4. The SCM_bZeu of the ION and LEV settle below the euphotic depth and are deeper (∼95 m) than all the other subsurface maxima. They are most probably the consequence of a decoupling of the MLD and the nutricline and represent the oligotrophic endmember type of subsurface maxima in the Mediterranean Sea. In these types of SCMs, phytoplankton communities most probably establish themselves deep in the water column in order to reach the nutrient resources. These communities are likely photoacclimated, and also possibly photoadapted, to the low-light conditions encountered at such depths. The phytoplankton assemblage is likely composed of picophytoplankton (Casotti et al., 2003; Siokou-Frangou et al., 2010), including the low-light-adapted Prochlorococcus ecotype (Brunet et al., 2006; Garczarek et al., 2007).

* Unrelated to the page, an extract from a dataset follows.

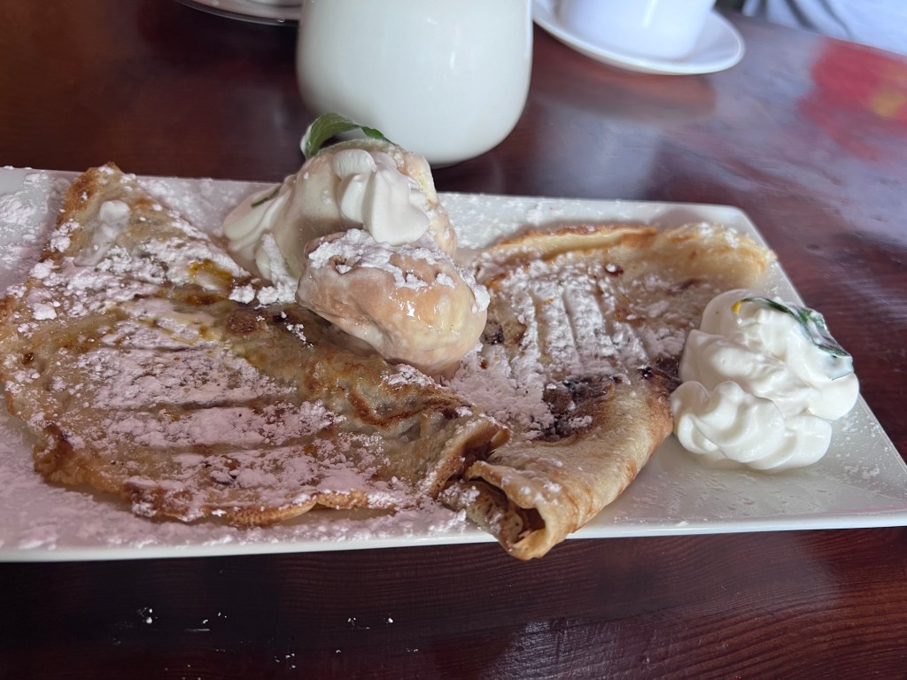 We stopped at a little restaurant, La Surana, for our breakfast. We both had crepes. Mine had fruit and Bruce had ice cream.

In permanently stratified oligotrophic ecosystems, the SCM phytoplankton species may settle at an especially deep level and adapt to the prevailing low-light levels in order to benefit from more nutrients. On the contrary, when nitrates are not a limiting factor at the SCM level (e.g. in the northwestern region after the bloom period), the SCM is only controlled by the amount of light available at depth. In either case, light is a crucial forcing parameter that controls the depth of the SCM. Consistently with previous studies conducted in other open-ocean regions (Longhurst and Glen Harrison, 1989; Furuya, 1990; Severin et al., 2017), the present work suggests that shallower SCMs tend to display larger phytoplankton biomass than deeper SCMs. In our study, these biomass maxima are characterized by a coupling of Chl a and b_bp that suggests an increase in carbon biomass. Finally, the present results indicate that SBMs represent a frequent feature in the Mediterranean Sea, which contrasts with the idea that SCMs in oligotrophic regions typically result from photoacclimation of phytoplankton cells. Thus, we suggest that the contribution of SCMs to primary production, which may be substantial, although ignored by current satellite-based estimates, should be further investigated.